Jones’ work capture all the beauty of V-Day, sans the saccharin of Hallmark cards, stuffed animals and dinner reservations. Through the passion-filled photos, Jones hopes to show the world that, whether or not you’re paying attention, fat people are getting some, thank you very much.
“For every kid whose parent insisted they’d never ‘land’ [eyeroll] a partner unless they lost weight, have a look,” Jones said in an earlier interview with The Huffington Post. “For every fat person who’s let some nimrod convince them their relationship isn’t working because of a jiggly tummy, have a look.”
The images capture pure, happy love, the kind of love that all humans deserve. Couples interested in dropping trou for next year’s “Adipositivity Valentine Series,” contact her at email@example.com. “I promise I’ll be gentle,” she assured. Happy Valentine’s Day, lovers!
"It’s no secret anywhere you look, you see that photography is a commonly used tool for creating body shame. I like to subvert that tool and use it to demystify the fat body."
"In describing the project I often say the project is part fat, part feminism, and part fuck you... People still get upset by nudity. I tell them nudity is not sex, sex is not porn, and porn is not evil. And I find that a lot of people don’t get that. If they see a naked body, they think it should be sexualized or is being sexualized."
"I started taking these pictures and posting them on the website, I soon realized I maybe wasn’t speaking to the general public in the way that I had hoped. But I was speaking to fat people and I immediately starting hearing from fat people from all over the world [and they told] me about body shame, body shame at a level that I had never experienced or even realized existed."

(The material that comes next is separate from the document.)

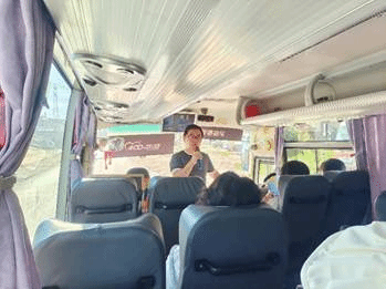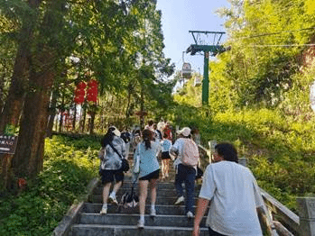 在行车的路途中,崔老师向学生们大致介绍了三角山的区位、由来和发展现状等内容并要求同学们在在游览过程中寻找并记录旅游区内的旅游资源和基础设施现状。通过仔细观察车窗外的景象,同学们发现三角山旅游区的服务项目和服务设施较为完善,不仅公共厕所,垃圾桶等分布合理,还为游客提供蹦极、登山和漂游等极限运动,室外露营、开放小木屋和特色住宿等旅游体验。此外,在行车的过程中也看到沿途道路上设有许多红色标语和红色文化宣传栏,可见三角山地区对红色旅游文化建设的重视。

"[I heard] from one woman in particular who told me that the morning she discovered the website was the first morning she had not cried about her body, in memory. And that will stay with me forever and I continue to hear from people telling me these things everyday. So that’s when I realized it’s the subjects themselves that I’m really speaking to and that I need to speak to."
"The rule is, if you promise me you’re fat and you can get to me and my camera, I will photograph you for the Adipositivity Project."